Сухинов пыхтел цигаркой, недовольно ворчал:

– Красиво говоришь, Вениамин. Жаль, царишка Николай тебя не слышит. Ему бы понравилось. От твоих речей за версту несет смирением.

– Что тебе дался царь, Иван? Разве в нем дело?

– То и дался, что подлец. Вы как хотите, а я тут в норе долго сидеть не намерен.

– Что ты задумал, Сухинов, опомнись!

– Ничего не задумал. Огляжусь, тогда задумаю. – Приподнялся на локтях, пытаясь во мраке разглядеть лицо Соловьева, сказал вдруг с искренним удивлением: – Неужели вы вправду намерены гнить здесь заживо?! Вениамин! Саша!

После паузы, смущенный упреком, прозвучавшим в голосе товарища, Соловьев нехотя ответил:

– Есть обстоятельства, против которых человек бессилен. Пытаясь что-либо изменить, он тем скорее приближается к гибели. Мы сейчас именно в таких обстоятельствах.

– Вы – но не я! – воскликнул Сухинов. – Запомните, барон, вы – но не я. Меня обстоятельства устраивают вполне. А трус всегда найдет объяснения для бездействия!

– Как вам угодно, сударь! – сухо бросил Соловьев. Он должен бы был ответить дерзостью на оскорбление Сухинова, но не сделал этого. Предчувствие беды сковало его язык… Много лет спустя он напишет про Сухинова слова, полные любви и восхищения. «Как теперь, смотрю на него: высокий, стройный рост, смуглое, выразительное лицо, глаза быстрые, проницательные; эта задумчивость, даже некоторая суровость в выражении лица – приковывали внимание при первом на него взгляде.
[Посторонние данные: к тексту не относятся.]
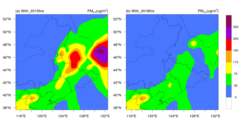 針對(duì)東北地區(qū)生物質(zhì)燃燒嚴(yán)重和霧霾污染頻發(fā)的問(wèn)題,開(kāi)展了生物質(zhì)燃燒的火點(diǎn)監(jiān)測(cè)與預(yù)測(cè)、污染物排放特征分析與清單構(gòu)建、大氣環(huán)境影響與評(píng)估等方面的系列研究。基于多源衛(wèi)星遙感數(shù)據(jù)開(kāi)發(fā)了一套生物質(zhì)燃燒源大氣污染物的近實(shí)時(shí)排放清單,實(shí)現(xiàn)了源清單和空氣質(zhì)量模式的無(wú)縫對(duì)接,滿足了空氣質(zhì)量預(yù)報(bào)預(yù)警模式對(duì)排放清單的本地化、高精度和動(dòng)態(tài)化的迫切需求。基于以上近實(shí)時(shí)排放清單并結(jié)合人為源清單和氣象數(shù)據(jù),采用空氣質(zhì)量預(yù)報(bào)預(yù)警模型WRF-CMAQ定量評(píng)估了東北地區(qū)生物質(zhì)露天燃燒及秸稈禁燒政策對(duì)區(qū)域大氣環(huán)境的影響。

Но кто знаком был с Сухиновым, кто знал душу его, тот неохотно с ним расставался…»


Часть третья
ДОРОГА В ВЕЧНОСТЬ

1

Все чаще и отчетливее вспоминались Сухинову картины прошлого: восстание, разгром, бегство. Иногда ему казалось, что он понимает, в чем ошибка и в чем причина поражения. Больше других ему хотелось бы повидать двух людей – светловолосого, всегда так приветливо улыбающегося Кузьмина и Сергея Ивановича. Они оба были ему родными, но как же небрежен и брюзглив он бывал подчас с простосердечным Анастасием и как позорно глух к мудрым истинам, кои пытался ему открыть Муравьев. Да и не один он был глух. Как раз в этом он и видел теперь одну из главных причин столь страшного краха их благородных замыслов. Конечно, в этом. Их много собралось – удалых, поднявшихся на святое дело с открытым сердцем, но незрячих, плохо понимающих, за какую правду готовы они положить головы. Было много говорено красивых слов – «воля народная», «свобода для всех», «смерть во имя отечества», – эти слова были довольно расплывчаты, их туманный смысл легко доходил до сердца, но слабо затрагивал разум.
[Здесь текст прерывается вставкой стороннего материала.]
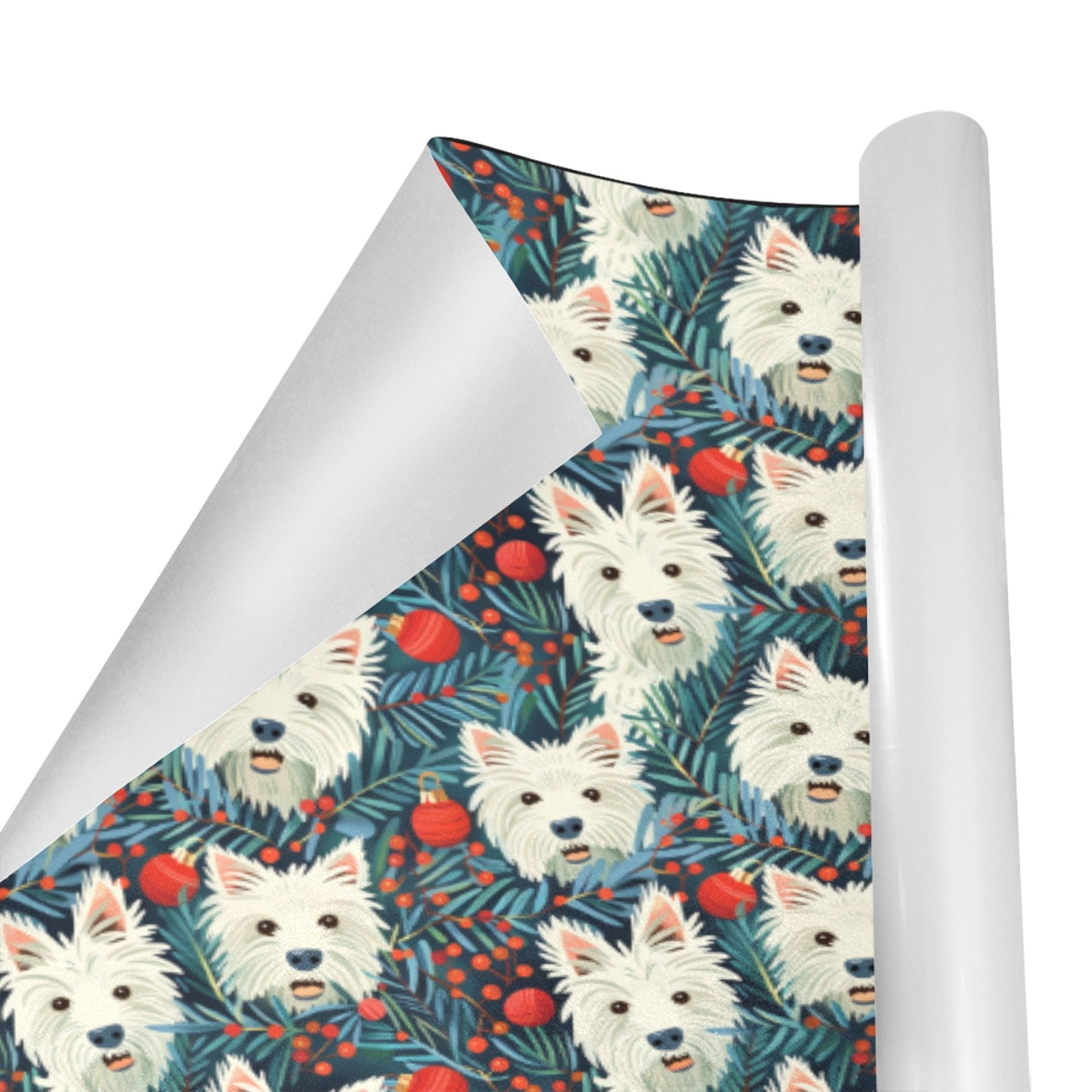 The Westies' snow-white fur beautifully contrasts with dark evergreen branches, evoking the magic of the first snowfall. Bright reds and deep greens in the berries and foliage invite you into a world of celebration and natural wonder.

Сергей Иванович знал больше их и видел дальше их, он не в завтрашний день смотрел, а через годы и потому не спешил. А они, озорные щенята, торопили его, готовы были упрекать чуть ли не в трусости – что мог он один или вдвоем с Бестужевым поделать с их нетерпением, если сошлось так, что, кроме как на них, ему не на кого было опереться в роковые дни. Это они его подвели, а по он их. Впрочем, нет, никто никого не подвел, все они были честны и готовы сражаться, и некого упрекнуть. В том-то и дело.

Не Муравьев ли сказал ему однажды: «Ты пойми, Иван Иванович, в революции побеждают не пушками, не только пушками. Можно выиграть сто сражений и ничего не добиться. Потому что революция сначала должна произойти в сердцах и умах». Что понял тогда он, Сухинов, в этих словах? Ничего, попросту отмахнулся от них, как от умственной блажи. Только здесь, на каторге, он прозрел, и эти слова больно кололи его душу.

Когда он смотрел в отчаянные глаза каторжников, он видел там только бешеную муть и ярость – и ничего более. Эти люди готовы были на все, но ради чего? Ради только собственной свободы, ради будущей богатой гульбы, ради мести. Мужественные, гордые есть среди них люди, а верить им нельзя, прав барон. Нельзя им верить, потому что они слепы, тяжкая жизнь их давно ослепила, и разве сможет он открыть им глаза, он, перед которым истина только-только забрезжила, как сияющий алый цветок в голубоватой дымке.

Но поднять этих людей на восстание он сможет, и у него есть цель. Он придет в Читу, освободит политических ссыльных, непогибших братьев своих.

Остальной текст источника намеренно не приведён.